His big face almost crumpled. “You don't understand…you see.”

“I don't have to understand. The fire is there if you'd like to stay rather than going out into the wind.”

“Well, you see, Sister. There's a possibility that people would come looking for me.”

“Not in my house, not in the night they wouldn't.”

“I wouldn't sleep easy, I really wouldn't.”

She sighed and took him to the door. “Do you see in a straight line from here a big tree on its own away from the others?”

“Yes.” He squinted into the night.

“There's a tree house up there. Steps in the trunk and up there a secret tree house. Children made it a long time ago.”

“And would they want it now?”

“They're grown up and away from it now.”

         

It was the talk of the town. For days Mona Fitz said that her heart was in her mouth because those kind of gangs came back and did post offices, she had read of this happening. Wall's Hardware put padlocks on every door. If the gang had made their getaway down the back lane they might have seen all the pickings that lay waiting for them in Wall's. They could come back again another day.

Dan and Mildred O'Brien in the Central Hotel were depressed.

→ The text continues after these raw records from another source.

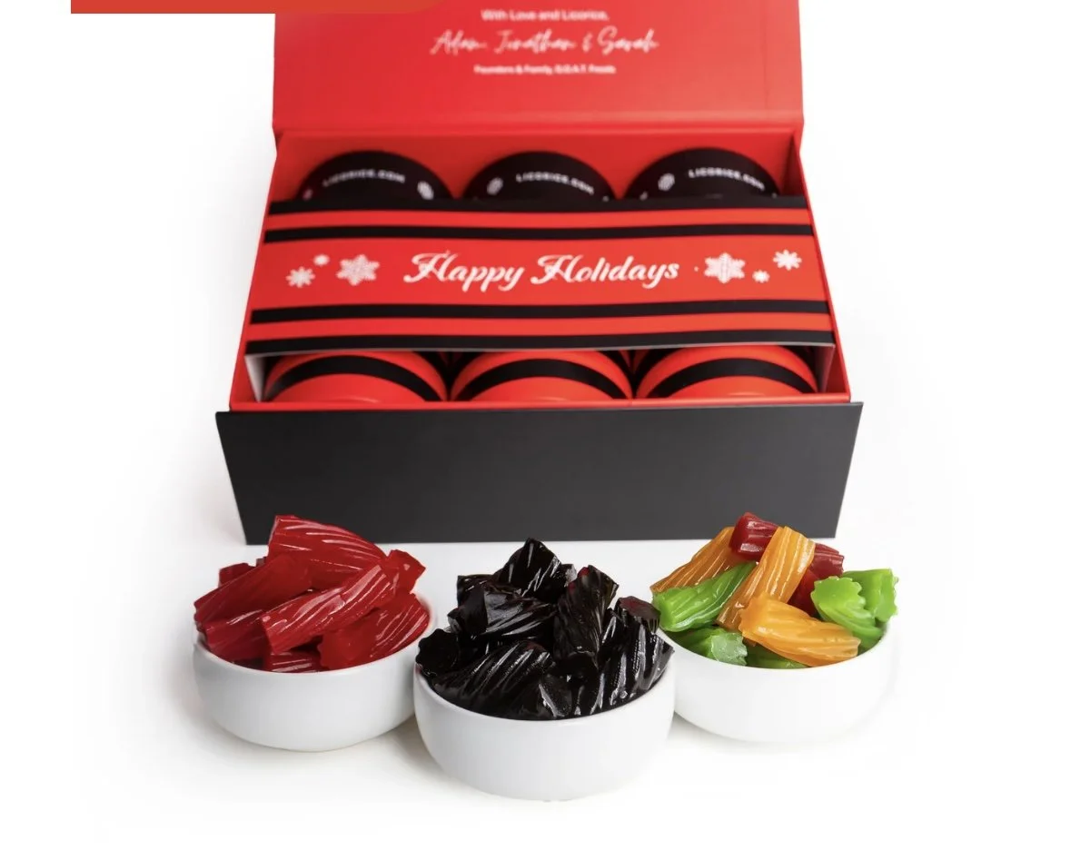 Give a holiday host gift that feels truly special with this Australian Licorice Assortment Gift Box. Featuring three Australian-style licorice flavors—Australian Red, Australian Black, and Australian Mix—this curated selection delivers soft, chewy perfection in every bite. Each piece is made with vegan-friendly ingredients and bold, festive flavors, creating a gift that’s both thoughtful and delicious. It’s the perfect way to share a gourmet treat that everyone can enjoy this season.
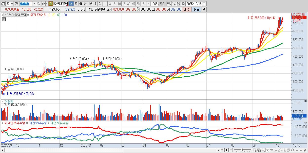 - HD현대일렉트릭 (685,000원 ▲ 2.54% , 시총: 246,923억, 외국인 순매수 거래금:110억)
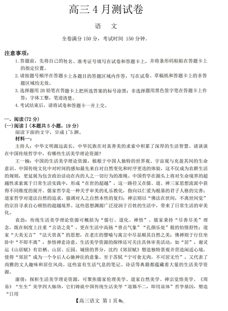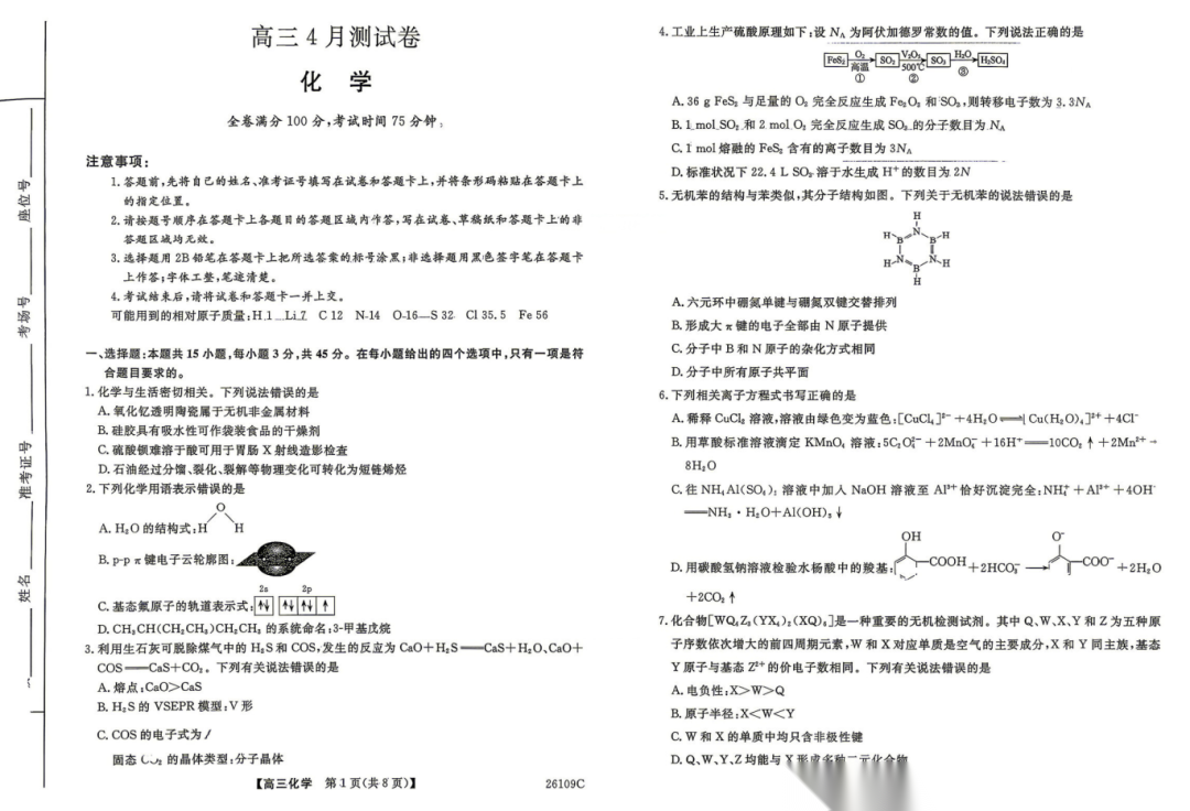 【安徽卷】安徽省淮北市第一中学2026届高三下学期周考(三)(3月末) 全科试题卷+答案 【安徽卷】安徽省淮北市第一中学2026届高三下学期周考(三)(3月末) 全科试题卷+答案

The place was bad enough, they said, without having the reputation of a town where there were armed robberies. And of course it was written up in the local press.

T
HERE
was extensive coverage in the paper that Lena bought every week. She read the details of what seemed a violent and senseless crime. Without having to be told she could sense the town's relief that Maura McMahon had been on an errand of mercy and was not in her customary position. Reading between the lines, she knew that Kathleen Sullivan would have been snooping.